Она была объективно уродливой. Ужасающе неуклюжей. Совершенно невозможной с точки зрения аэродинамики.

И она была самой красивой вещью, которую Ализир когда-либо видел в своей жизни.

Наступила тишина. Густая, звенящая, такая, в которой слышно, как остывает нагретое за день железо. Весь мир, казалось, втянул вечерний воздух и затаил дыхание вместе с ними. Вся их изматывающая работа, все царапины на руках, весь этот прожитый назло правилам день — всё сузилось до этой одной секунды, до этого погнутого ключика.

Альгор сглотнул, протянул дрожащий от напряжения палец и повернул его. Раздался треск взводимой пружины — сухой, тугой, обещающий чудо.

И ничего не произошло.

Сердце Ализира ухнуло куда-то в живот, оставив после себя холодную, сосущую пустоту.

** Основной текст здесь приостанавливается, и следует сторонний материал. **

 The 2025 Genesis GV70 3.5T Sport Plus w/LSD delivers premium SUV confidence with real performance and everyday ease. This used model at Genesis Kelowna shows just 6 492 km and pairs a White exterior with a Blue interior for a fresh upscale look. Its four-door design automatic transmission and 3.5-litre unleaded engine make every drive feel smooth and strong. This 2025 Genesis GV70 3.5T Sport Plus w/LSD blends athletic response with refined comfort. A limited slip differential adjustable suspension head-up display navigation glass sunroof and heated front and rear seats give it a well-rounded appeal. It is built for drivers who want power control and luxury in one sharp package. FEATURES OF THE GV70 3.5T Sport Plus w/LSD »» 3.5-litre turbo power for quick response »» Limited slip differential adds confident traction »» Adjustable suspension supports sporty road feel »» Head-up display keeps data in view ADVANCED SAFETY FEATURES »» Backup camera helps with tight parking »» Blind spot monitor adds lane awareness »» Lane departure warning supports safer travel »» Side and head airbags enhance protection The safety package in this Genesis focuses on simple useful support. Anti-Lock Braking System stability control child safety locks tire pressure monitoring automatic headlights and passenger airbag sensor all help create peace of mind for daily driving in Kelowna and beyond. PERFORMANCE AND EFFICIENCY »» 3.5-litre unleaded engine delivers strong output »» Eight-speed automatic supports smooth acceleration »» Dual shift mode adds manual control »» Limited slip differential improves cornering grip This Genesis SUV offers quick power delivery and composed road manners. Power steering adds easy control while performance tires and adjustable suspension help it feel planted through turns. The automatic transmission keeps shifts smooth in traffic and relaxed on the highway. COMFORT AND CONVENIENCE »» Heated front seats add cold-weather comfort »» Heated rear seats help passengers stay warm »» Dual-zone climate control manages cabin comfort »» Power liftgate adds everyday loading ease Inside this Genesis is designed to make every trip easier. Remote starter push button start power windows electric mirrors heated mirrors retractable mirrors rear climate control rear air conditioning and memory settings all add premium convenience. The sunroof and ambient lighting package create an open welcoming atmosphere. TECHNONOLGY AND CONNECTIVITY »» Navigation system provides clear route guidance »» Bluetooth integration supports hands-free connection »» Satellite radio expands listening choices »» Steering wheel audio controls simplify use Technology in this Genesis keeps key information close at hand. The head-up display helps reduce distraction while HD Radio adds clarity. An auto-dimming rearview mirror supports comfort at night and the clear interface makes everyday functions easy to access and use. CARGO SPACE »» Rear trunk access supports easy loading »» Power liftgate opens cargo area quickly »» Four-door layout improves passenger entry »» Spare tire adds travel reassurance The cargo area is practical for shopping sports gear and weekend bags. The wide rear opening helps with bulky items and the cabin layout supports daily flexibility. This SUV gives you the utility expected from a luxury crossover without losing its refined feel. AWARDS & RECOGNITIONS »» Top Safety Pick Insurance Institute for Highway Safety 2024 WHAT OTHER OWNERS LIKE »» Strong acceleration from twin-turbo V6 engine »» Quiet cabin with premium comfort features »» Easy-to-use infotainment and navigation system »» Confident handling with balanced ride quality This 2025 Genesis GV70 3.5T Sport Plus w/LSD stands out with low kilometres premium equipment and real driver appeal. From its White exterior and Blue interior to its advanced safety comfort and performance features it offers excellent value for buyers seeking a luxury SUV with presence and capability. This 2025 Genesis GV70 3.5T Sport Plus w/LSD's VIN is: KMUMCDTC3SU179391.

Вот и всё, значит. Чуда не случилось. Сказка кончилась, так толком и не начавшись, и всего пять секунд назад он был наивным глупцом, поверившим в невозможное. Он уже набрал в грудь побольше вечернего воздуха, чтобы сказать что-то злое, едкое и разочарованное — такое, от чего этот хрупкий момент рассыплется в прах, и можно будет привычно вернуться к своей броне из скуки, сделав вид, что ничего на самом деле и не было.

Но Альгор вдруг поднял руку и прошептал одними губами:

— Подожди.

Он наклонился и легонько щёлкнул птицу по жестяной голове, будто подбадривая замершего перед прыжком пловца.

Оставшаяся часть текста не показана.